A recent Gallup poll, released this month, shows 81% of Americans are “very sure” God exists. In the 1960s, before Roe v Wade, 98% of Americans were “very sure” God exists.
This radical change from 1 in 50 people doubting God to 1 person in 5 means that the whole abortion issue must be dealt with in some way other than GOD SAID “Thou shall not kill.” While God did say that, it means next to nothing to a culture which is not God centered. Even “Love your neighbor as yourself” is under serious attack from cultural emphasis on the standard for moral decisions being an inherent right to self-determination. Our culture says the best way to love our neighbor is to support whatever moral decision he or she makes. Autonomy rules.
That is the cultural world of 2022. That is part of this bend in the creek. The other part of the bend is that we have an opportunity to change the culture by living fervently and joyfully a Gospel of Life.
Abortion may well return to “law of the land” state by state unless we can help people see that God doesn’t say “Thou shall not kill” without reason. God’s standards are standards that help us flourish as people and as culture. The Gospel of Life is not a narrow-minded path created by old men who don’t value women. The Gospel of Life is a way to be that rests in human freedom made possible by following God’s way. We follow God because God is good and teaches goodness. God’s true freedom is the freedom to master self in order to live with love, joy, peace, patience, goodness, kindness, faithfulness, gentleness, and self-control.

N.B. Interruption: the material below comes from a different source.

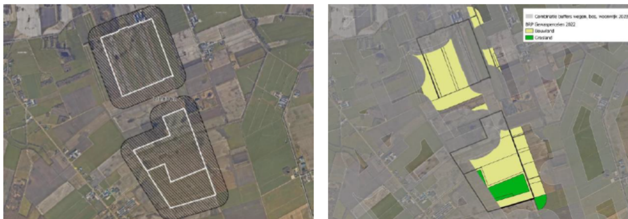
Figuur 3 Verstoringscontour van 150 meter rond het projectgebied (links) en onverstoord foerageergebied na toepassing van de verstoringscontouren voor wegen en bosranden.

Vervolgens is voor dit onverstoord gebied de oppervlakte aan geteelde gewassen bepaald op basis van de Basisregistratie Gewaspercelen (BRP), waarbij de meest recente cijfers voor 2022 zijn gebruikt. Hieruit blijkt dat er zich hierbinnen 1,76 ha grasland bevindt en 76,5 ha bouwland. De voor ganzen en zwanen relevante gewassen hierbinnen en hun capaciteit zijn in onderstaande tabel weergegeven. Binnen het areaal is ruim 9 ha aan grasland met een agrarisch natuurmengsel aanwezig. Dit graslandtype is in de beoordeling van het foerageergebied rond het Fochteloërveen niet meegenomen en is daarmee ook hier buiten beschouwing gelaten.

The message here for this Sunday: how do we express the fuller freedom of God’s ways as being better than the appearance of freedom in “ways of the flesh”?
Luke 9:51-62
The context in Luke is the seismic shift that happens after Jesus feeds the 5000, Peter declares “You are the Christ,” and Jesus is transfigured on the mountain—all recorded in earlier verses of Chapter 9. It happens about six months before Holy Week. Jesus “resolutely determined to journey to Jerusalem.” The first part of Luke 9 was a bend in the creek for Jesus and his disciples. Now his tone changes. He is no longer going about Galilee teaching, healing, and gently inviting. As today’s final verse summarizes, “No one who sets his hand to the plow and looks to what was left behind is fit for the kingdom of God.” Jesus begins to get ready for the cross–and resurrection.
I look at the other parts of these verses: Jesus says “no” to revenge on those who are not open to him; Jesus continues teaching those who are open; Jesus says clearly ‘Follow, but don’t expect it to be easy.” I can apply all that to me, to the Church in the US.
All of this says to me, “This bend in the creek shows no turtles sunning on rocks or waterfree passage to the next farm over.
This is tough going. Come. Or not. Jesus calls.
Applications
What do we do? What do I do? Three years ago, I made a very careful study of St. Pope John Paul’s Evangelium Vitae, the Gospel of Life. I believe it holds the positive answers for us.
Who is interested in studying it with me, perhaps every other week on a Friday night, Sunday afternoon, or Sunday night through the summer? The text is available online from the Vatican website or in paper through the US Council of Catholic Bishops.
If you are interested, rather than respond in the comments, send an email to: mary@skillswork.org. We must find ways to speak rich, though demanding, Truth with visible, proactive love.
Prayer:
Lord, I expected this bend in the creek, but, still, now that it is here, I need your guidance to know how to navigate some different waters. Lead me, guide me, Lord. Lead us all, guide us all. Unite and direct us.